Most of us see examples like this every day, and they mostly seem like a minor annoyance – we click on a bad link, or have to delete a few extra emails. But there can be more serious consequences to this kind of fraud. The credit card industry, which has adopted many machine-learning approaches and other statistical, data-driven techniques to identify fraud, has been exposed to such threats for many years. If an attacker knows the usual pattern of a shopper, he can create a series of fraudulent purchases that deviate only slightly from the norm, and thus not be detected by the anomaly detector. For example, an attacker can see what was previously bought in Home Depot and buy products with similar prices at Amazon.
Algorithm fraud can also influence elections. The official scientific journal of the National Academy of Sciences (PNAS) has published research detailing how search engine manipulation can impact voters. The most notable experiment was conducted with Indian voters in the midst of India’s 2014 Lok Sabha elections. The results of the experiment clearly showed that biased search rankings could shift the voting preferences of undecided voters by 20% or more. Specifically, it was found that the order in which candidates appear in search results can have significant impact on perception.
Another weakness of machine-learning algorithms is that most of them make the common assumption that the data used to train the algorithm and the data to which the algorithm is applied are generated in the same way (or what statisticians call “sampled from the same distribution”). When that assumption is violated, the algorithm can be fooled.
Recently, such an attack was carried on biometric systems. Most biometric systems allow clients’ profiles to adapt with natural changes over time – so face recognition software updates little by little as your face ages and changes. But a malicious adversary can exploit this adaptability. By presenting a sequence of fake biometric traits to the sensor, an attacker can gradually update your profile until it is fully replaced with a different one, eventually allowing the attacker to impersonate you or other targeted clients.
As we increase our usage of smart, connected devices, we’re also deploying machine-learning algorithms more and more, in all aspects of life – from cars, to phones, to credit card readers, to wearable devices, and many more. Protecting the algorithms that run these devices from “statistical hacking” or “adversarial machine learning” is consequently becoming a bigger need.
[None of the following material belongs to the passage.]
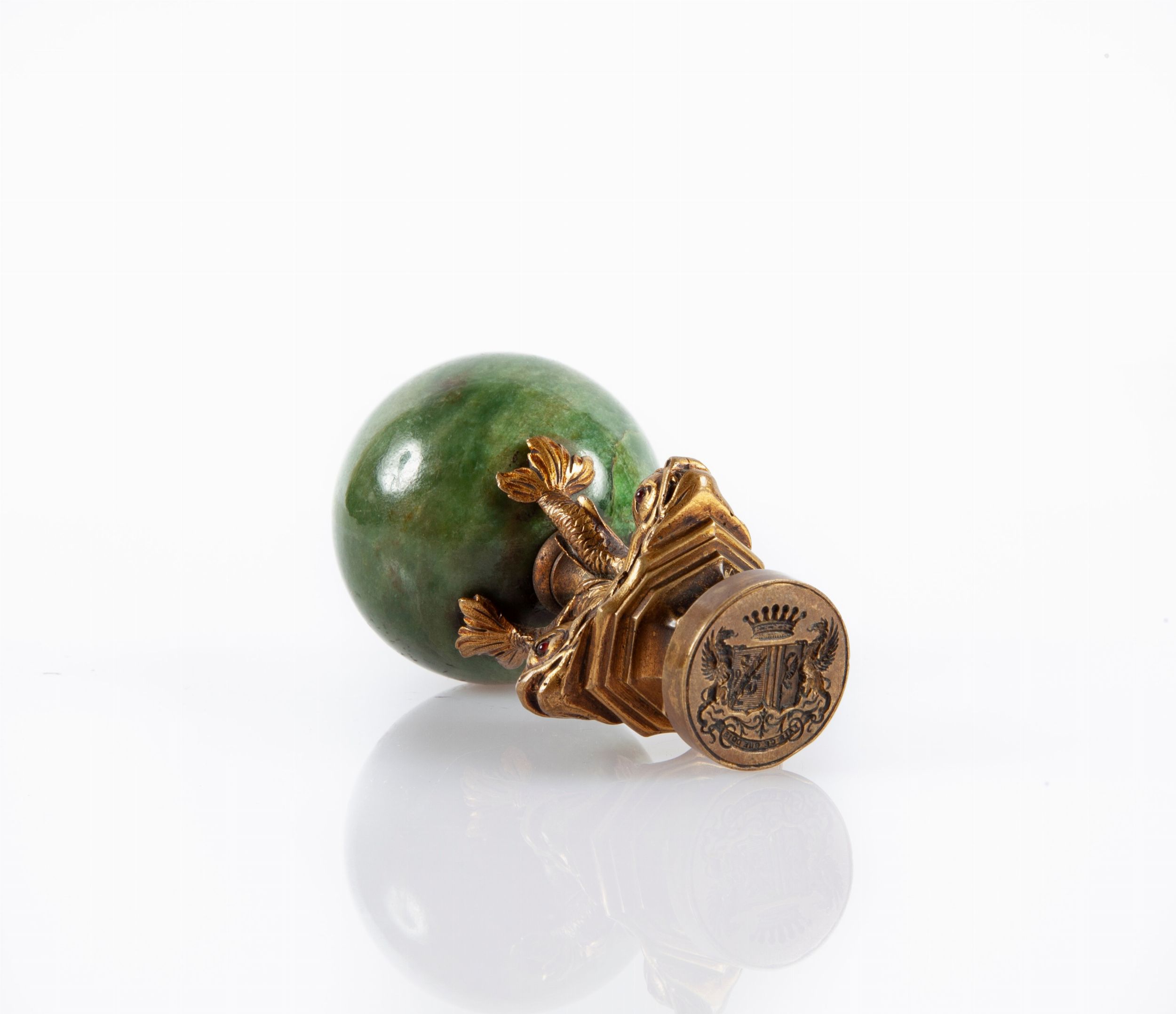 Sigillo in bronzo con 3 delfini che sorreggono una sfera di marmo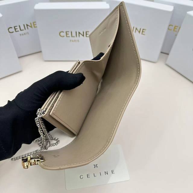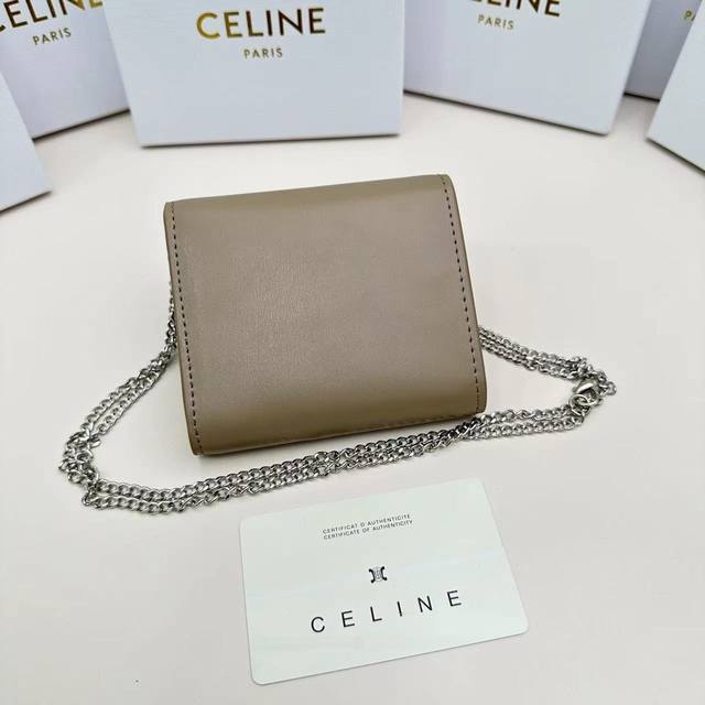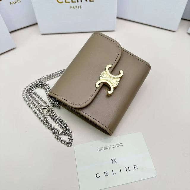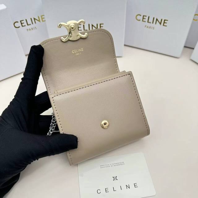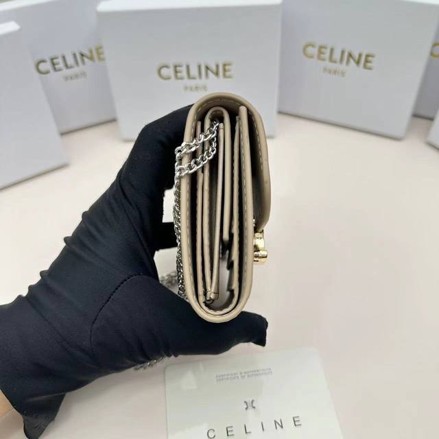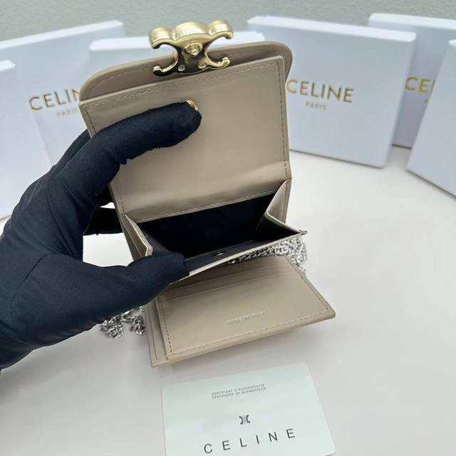 Celine新款链条Triomphe名片包,可斜挎,经典花纹大面内配平纹超纤,金色饰面Triomphe金属按扣开合,1个加厚主隔层,3个内侧卡槽...

Some other fun direction can also be found in this paper.
There is a lot that can be done – from building learning algorithms with multiple classifiers to the use of randomization.
At a time when artificial intelligence algorithms drive everything from public opinion to business decision-making to how many steps you take each day, it’s worth asking – how secure are those algorithms? And what I can do to make them more secure?
One thought on “Hacking to Machine Learning Algorithms”
Nice post. Popularizing this issue is very important. Too bad that today adversarial learning&classification is still a research niche. Both researchers and stakeholders should become more aware of this (dark) side of data-driven economy.